Microsoft patches four exploited zero-days, but lags with fixes for a fifth (CVE-2023-36884)

For July 2023 Patch Tuesday, Microsoft has delivered 130 patches; among them are four for vulnerabilites actively exploited by attackers, but no patch for CVE-2023-36884, an Office and Windows HTML RCE vulnerability exploited in targeted attacks aimed at defense and government entities in Europe and North America.


About CVE-2023-36884

“Microsoft is investigating reports of a series of remote code execution vulnerabilities impacting Windows and Office products. Microsoft is aware of targeted attacks that attempt to exploit these vulnerabilities by using specially-crafted Microsoft Office documents,” the company said in the advisory for that particular CVE-numbered vulnerability.

Reported by Microsoft, Google Threat Analysis Group, and Volexity researchers, CVE-2023-36884 has been abused via booby-trapped Microsoft Word documents ostensibly related to the Ukrainian World Congress.

“Storm-0978 (DEV-0978; also referred to as RomCom, the name of their backdoor, by other vendors) is a cybercriminal group based out of Russia, known to conduct opportunistic ransomware and extortion-only operations, as well as targeted credential-gathering campaigns likely in support of intelligence operations,” Microsoft Threat Intelligence has shared.

“Storm-0978 operates, develops, and distributes the RomCom backdoor. The actor also deploys the Underground ransomware, which is closely related to the Industrial Spy ransomware first observed in the wild in May 2022. The actor’s latest campaign detected in June 2023 involved abuse of CVE-2023-36884 to deliver a backdoor with similarities to RomCom.”

Previously, BlackBerry researchers shared their discovery of two malicious documents that seem to have been used by RomCom in those same campaigns.

The good news (for enterprise users and consumers) is that the attacks are highly targeted. The bad news is that Microsoft has yet to deliver patches for this issue.

Dustin Childs, head of threat awareness at Trend Micro Inc.’s Zero Day Initiative, says that though Microsoft considers this issue “Important”, admins would to well to treat it as “Critical”. Microsoft has advised on mitigations to reduce the risk of exploitation until the fixes are ready.

“Identified exploit activity includes abuse of CVE-2023-36884, including a remote code execution vulnerability exploited via Microsoft Word documents in June 2023, as well as abuse of vulnerabilities contributing to a security feature bypass,” Microsoft Threat Intelligence has noted.

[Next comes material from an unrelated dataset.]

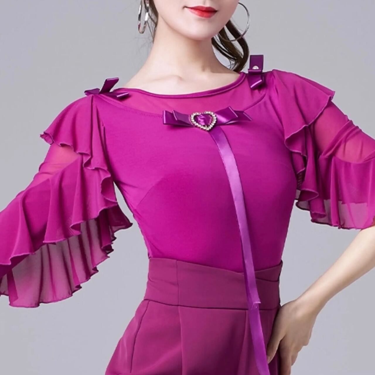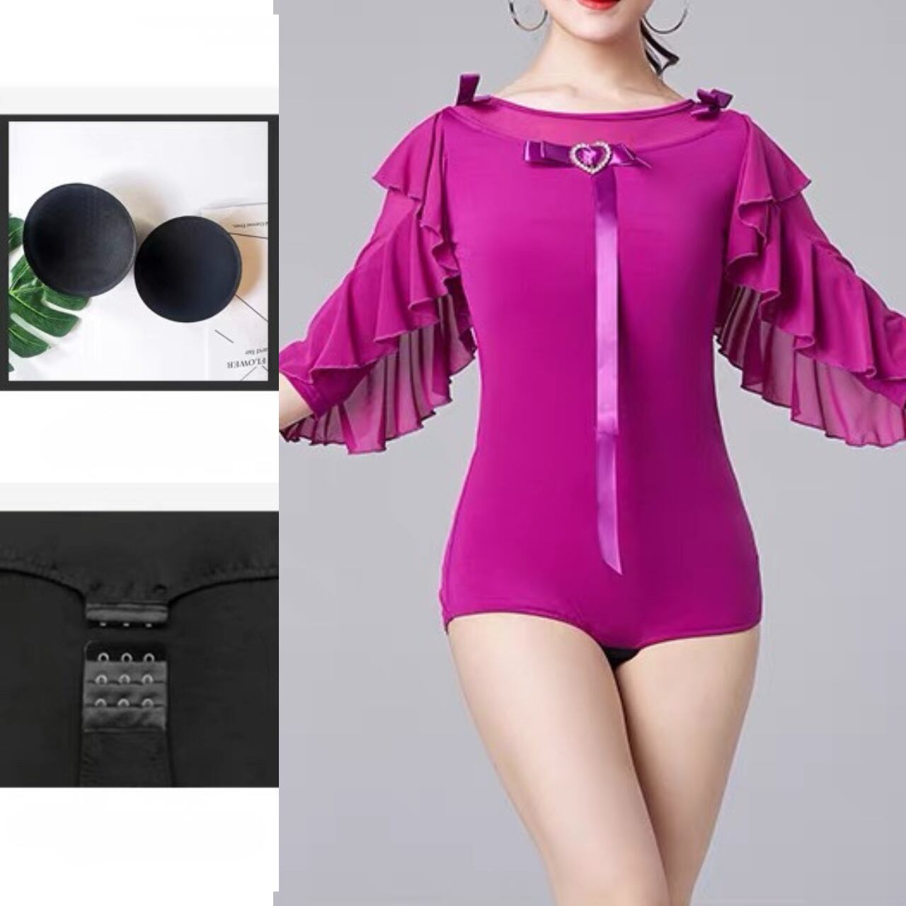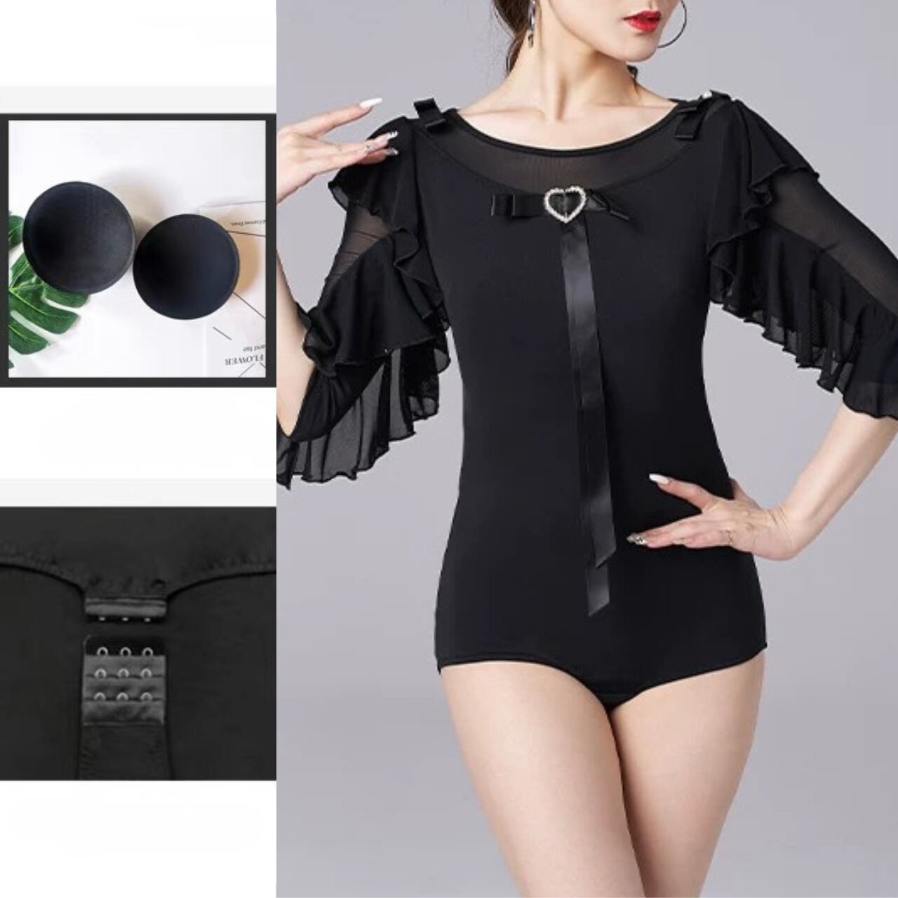 【商品管理番号】 L00117 【商品説明】 胸元のハートモチーフとリボンディテールが印象的なフリルスリーブレオタード。透け感のある袖と柔らかなフリルが上半身に立体感を与え、動きの中でも美しいシルエットを演出。身体に程よくフィットするデザインで、練習時はもちろんステージシーンにも映える一着です。 PURPLE/BLACK 【サイズ】 【M】バスト:78-90cm/ウエスト:68-78cm/着丈:85cm 【L】バスト:82-94cm/ウエスト:72-82cm/着丈:86cm 【XL】バスト:86-98cm/ウエスト:76-86cm/着丈:87cm 【2XL】バスト:90-102cm/ウエスト:80-90cm/着丈:88cm ※サイズは測り方により1-3㎝の誤差が生じる場合がございます。 【素材】 95%ポリエステル/5%ポリウレタン ▼ご購入前にこちらを必ずお読みください https://admin.thebase.com/shop_admin/design/themes?r=about
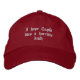 The design was easy to do with a number of options both the hat style, color and so forth. These aren't some printed letters, these are the real deal stitching. The two hats arrived quickly. I've used Zazzle in the past for shirts a number of times and this is the first time for a hat. Zazzle is absolutes the best in every respect; customer service, product selection and results. The embroidery was just right. My artwork was turned into a professional look thanks to Zazzle.

(Might one of the security feature bypass vulnerabilities they are talking about be CVE-2023-32049, patches for which have been released today? Microsoft does not say.)

Other exploited vulnerabilities

CVE-2023-32049 is a vulnerability that allows attackers to bypass the Open File – Security Warning prompt. Flagged by Microsoft Threat Intelligence and the Microsoft Office Product Group security team, it requires user interaction to be exploited.

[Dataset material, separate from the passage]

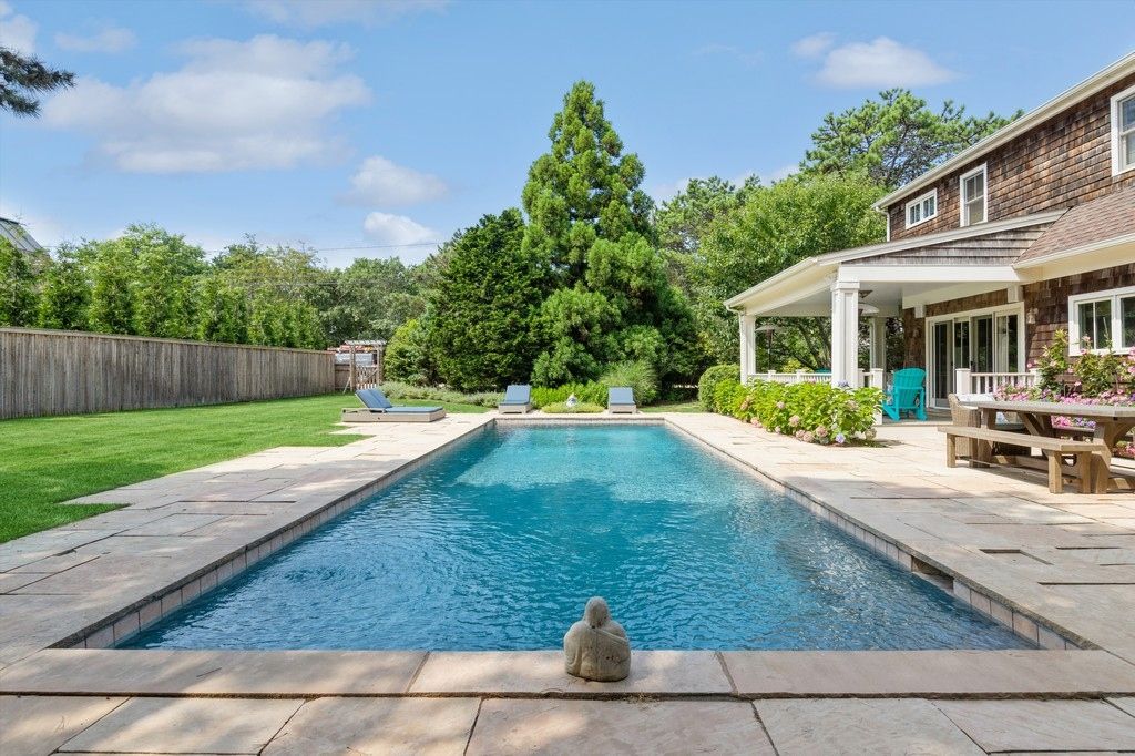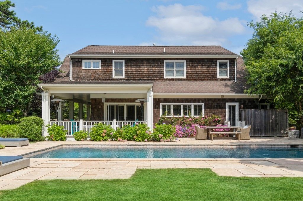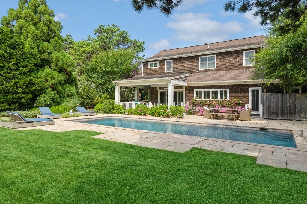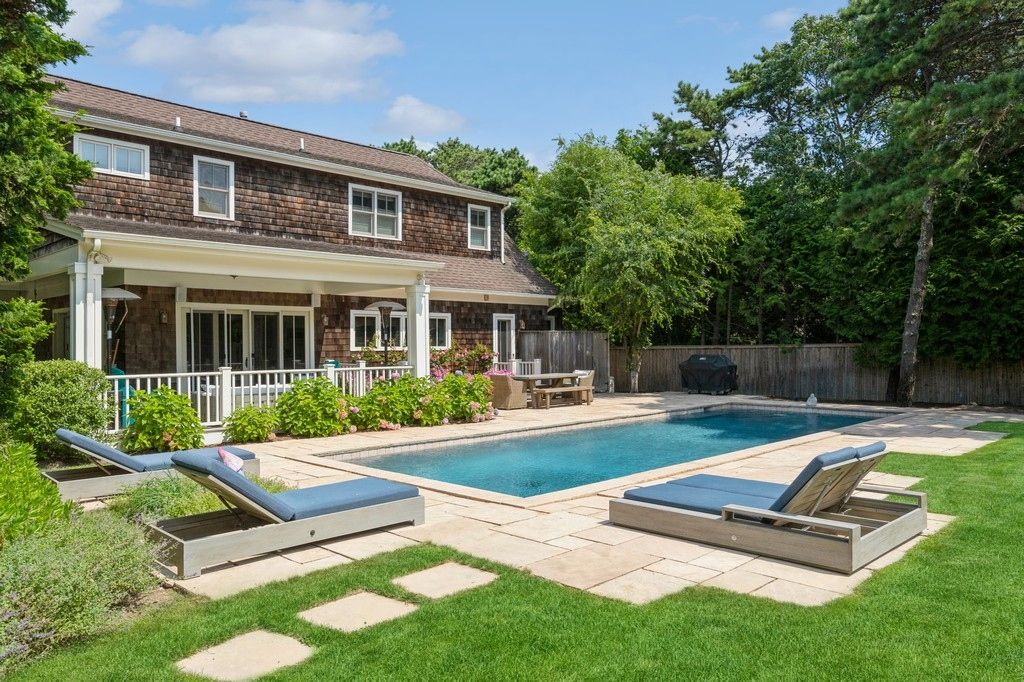 You can enjoy any season in this tastefully furnished house located in the desirable Amagansett Dunes. The house is light and airy, a living room with fireplace; a gourmet kitchen that flows into the dining area overlooks the gardens and pool. There are four bedrooms, (two en-suite), three and a half baths, master with fireplace. The house features private covered porches overlooking lush landscaping surrounding the pool, wine cooler and an o

But it is nevertheless being exploited, and patching it should be a priority.

Microsoft has also patched:

  • CVE-2023-35311, a vulnerability that is being used to bypass the Microsoft Outlook Security Notice prompt
  • CVE-2023-36874, an elevation of privilege (EoP) flaw in the Windows Error Reporting Service, exploited to gain administrator privileges (exploitation reported by Google TAG researchers)
  • CVE-2023-32046, an EoP vulnerability in the Windows MSHTML Platform that allowed attackers to gain the rights of the user that is running the affected application

Removing malicious signed drivers

“Microsoft also issued guidance regarding the malicious use of signed drivers through its Microsoft Windows Hardware Developer Program (MWHDP),” noted Satnam Narang, senior staff research engineer at Tenable.

“It was determined that certain Microsoft Partner Center developer accounts submitted malicious drivers to gain a Microsoft signature. The abuse of these signed drivers was discovered as part of post-exploitation activity, which required an attacker to gain administrative privileges on the targeted system first before running the malicious signed drivers.”

Microsoft says they launched an investigation in the matter when they were notified of this activity by Sophos on February 9, 2023, and that Trend Micro and Cisco released reports containing additional details.

“All the developer accounts involved in this incident were immediately suspended,” the company added. “Offline scans will be required to detect malicious drivers which might have been installed prior to March 2, 2023, when new Microsoft detections were implemented.”

The signed drivers seem to have been used in attacks targeting online gamers in China.

UPDATE (July 12, 2023, 06:25 a.m. ET):

Microsoft has also published details about an attack campaign by China-based hackers aimed at compromising government email accounts by exploiting a token validation issue.